*WHAT YOU ARE ASKED TO DO:*
Set down every line of the data exactly, skipping the pictures.

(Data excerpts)
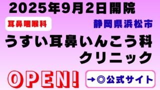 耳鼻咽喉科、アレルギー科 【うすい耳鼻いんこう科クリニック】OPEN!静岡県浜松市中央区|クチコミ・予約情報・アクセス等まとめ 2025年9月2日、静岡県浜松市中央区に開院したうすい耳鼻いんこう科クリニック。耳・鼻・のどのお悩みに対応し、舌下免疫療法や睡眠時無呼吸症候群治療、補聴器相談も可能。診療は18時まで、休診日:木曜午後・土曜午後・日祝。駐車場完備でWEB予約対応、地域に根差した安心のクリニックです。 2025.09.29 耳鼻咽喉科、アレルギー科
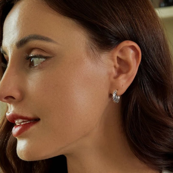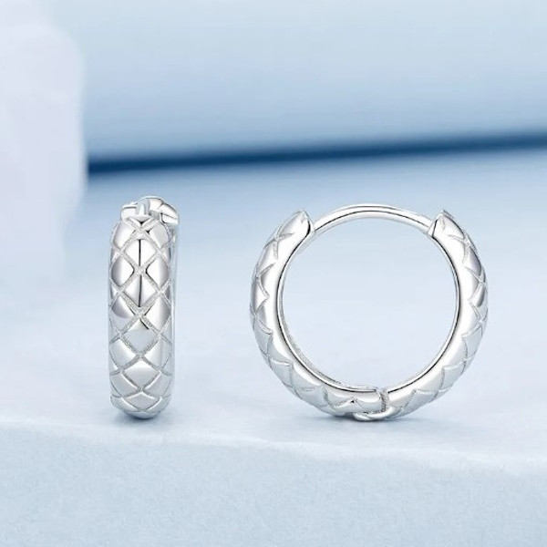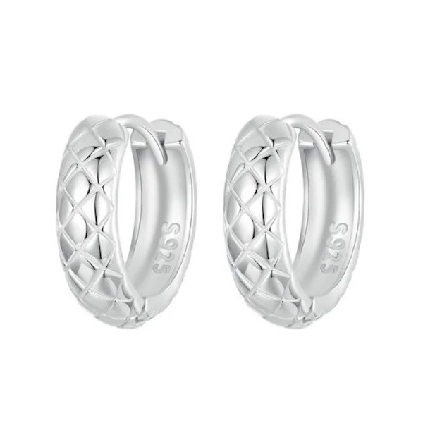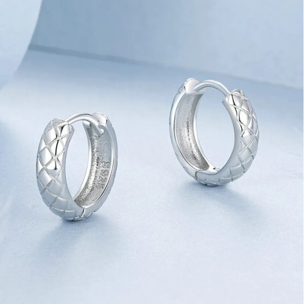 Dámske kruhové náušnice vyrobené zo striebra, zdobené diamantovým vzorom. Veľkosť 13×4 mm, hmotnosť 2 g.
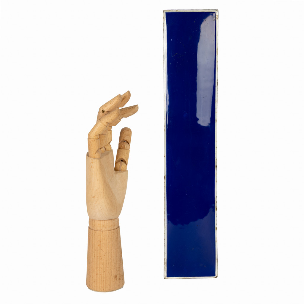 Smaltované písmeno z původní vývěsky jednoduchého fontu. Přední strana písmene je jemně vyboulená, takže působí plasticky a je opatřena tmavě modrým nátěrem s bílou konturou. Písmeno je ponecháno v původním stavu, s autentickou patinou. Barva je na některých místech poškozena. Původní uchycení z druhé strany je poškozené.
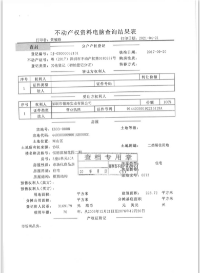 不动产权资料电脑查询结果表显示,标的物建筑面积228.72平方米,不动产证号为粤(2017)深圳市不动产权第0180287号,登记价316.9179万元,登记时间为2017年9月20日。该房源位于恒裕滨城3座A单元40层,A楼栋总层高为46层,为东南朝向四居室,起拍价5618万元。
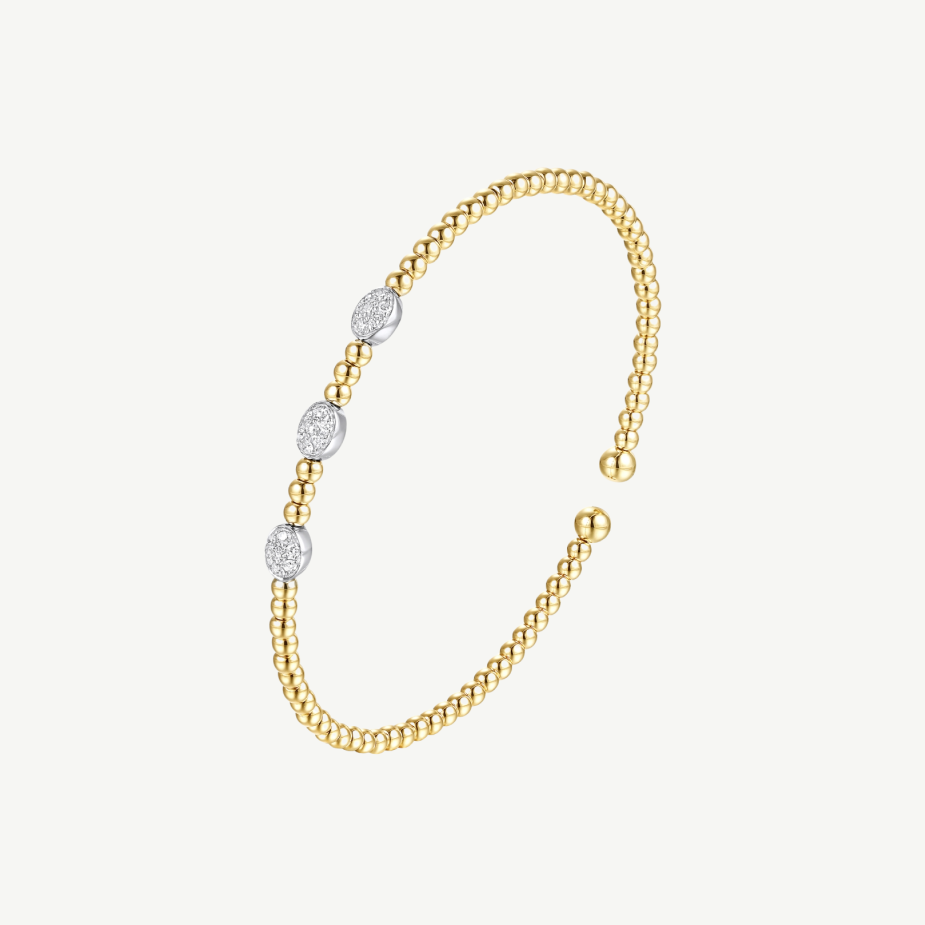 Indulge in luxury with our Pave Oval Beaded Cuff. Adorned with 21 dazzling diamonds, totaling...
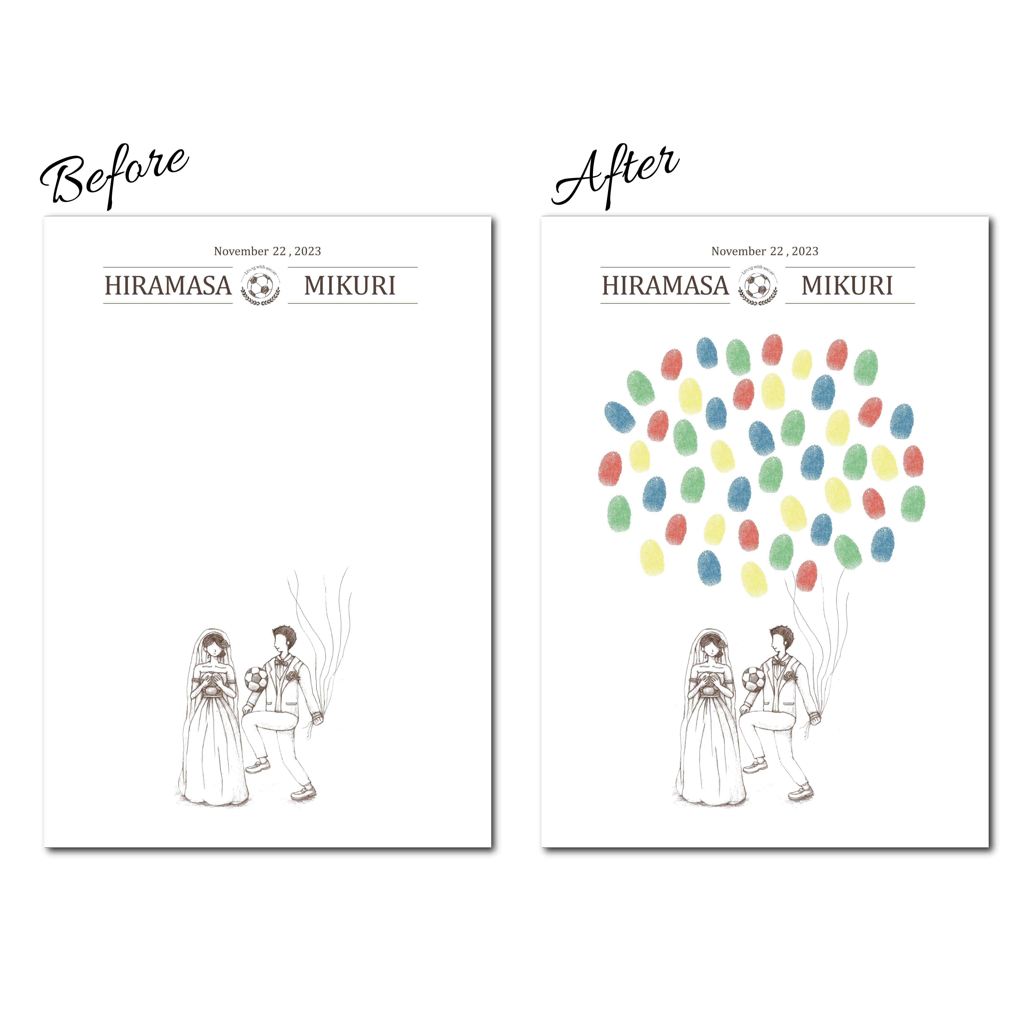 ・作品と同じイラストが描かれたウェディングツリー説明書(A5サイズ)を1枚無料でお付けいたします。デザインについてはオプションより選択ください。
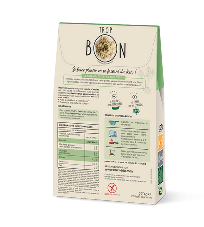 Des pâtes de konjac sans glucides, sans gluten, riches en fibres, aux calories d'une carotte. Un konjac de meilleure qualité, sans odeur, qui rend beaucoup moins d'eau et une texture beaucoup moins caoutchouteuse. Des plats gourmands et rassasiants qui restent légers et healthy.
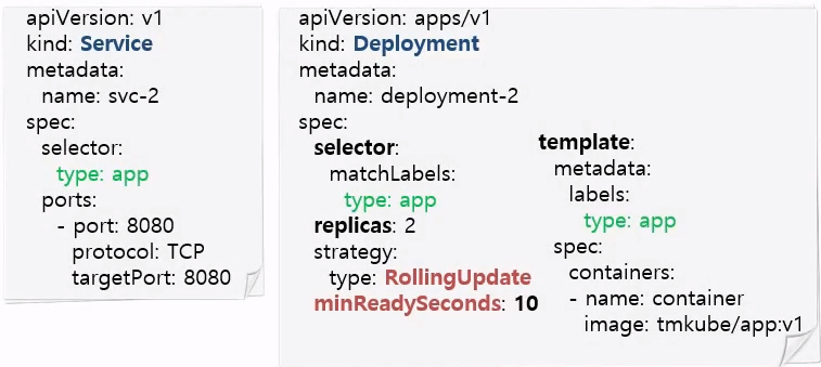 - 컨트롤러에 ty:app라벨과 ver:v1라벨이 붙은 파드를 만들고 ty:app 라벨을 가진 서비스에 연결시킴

*ANSWER TO THIS TASK:*
 耳鼻咽喉科、アレルギー科 【うすい耳鼻いんこう科クリニック】OPEN!静岡県浜松市中央区|クチコミ・予約情報・アクセス等まとめ 2025年9月2日、静岡県浜松市中央区に開院したうすい耳鼻いんこう科クリニック。耳・鼻・のどのお悩みに対応し、舌下免疫療法や睡眠時無呼吸症候群治療、補聴器相談も可能。診療は18時まで、休診日:木曜午後・土曜午後・日祝。駐車場完備でWEB予約対応、地域に根差した安心のクリニックです。 2025.09.29 耳鼻咽喉科、アレルギー科
 Dámske kruhové náušnice vyrobené zo striebra, zdobené diamantovým vzorom. Veľkosť 13×4 mm, hmotnosť 2 g.
 Smaltované písmeno z původní vývěsky jednoduchého fontu. Přední strana písmene je jemně vyboulená, takže působí plasticky a je opatřena tmavě modrým nátěrem s bílou konturou. Písmeno je ponecháno v původním stavu, s autentickou patinou. Barva je na některých místech poškozena. Původní uchycení z druhé strany je poškozené.
 不动产权资料电脑查询结果表显示,标的物建筑面积228.72平方米,不动产证号为粤(2017)深圳市不动产权第0180287号,登记价316.9179万元,登记时间为2017年9月20日。该房源位于恒裕滨城3座A单元40层,A楼栋总层高为46层,为东南朝向四居室,起拍价5618万元。
 Indulge in luxury with our Pave Oval Beaded Cuff. Adorned with 21 dazzling diamonds, totaling...
 ・作品と同じイラストが描かれたウェディングツリー説明書(A5サイズ)を1枚無料でお付けいたします。デザインについてはオプションより選択ください。
 Des pâtes de konjac sans glucides, sans gluten, riches en fibres, aux calories d'une carotte. Un konjac de meilleure qualité, sans odeur, qui rend beaucoup moins d'eau et une texture beaucoup moins caoutchouteuse. Des plats gourmands et rassasiants qui restent légers et healthy.
 - 컨트롤러에 ty:app라벨과 ver:v1라벨이 붙은 파드를 만들고 ty:app 라벨을 가진 서비스에 연결시킴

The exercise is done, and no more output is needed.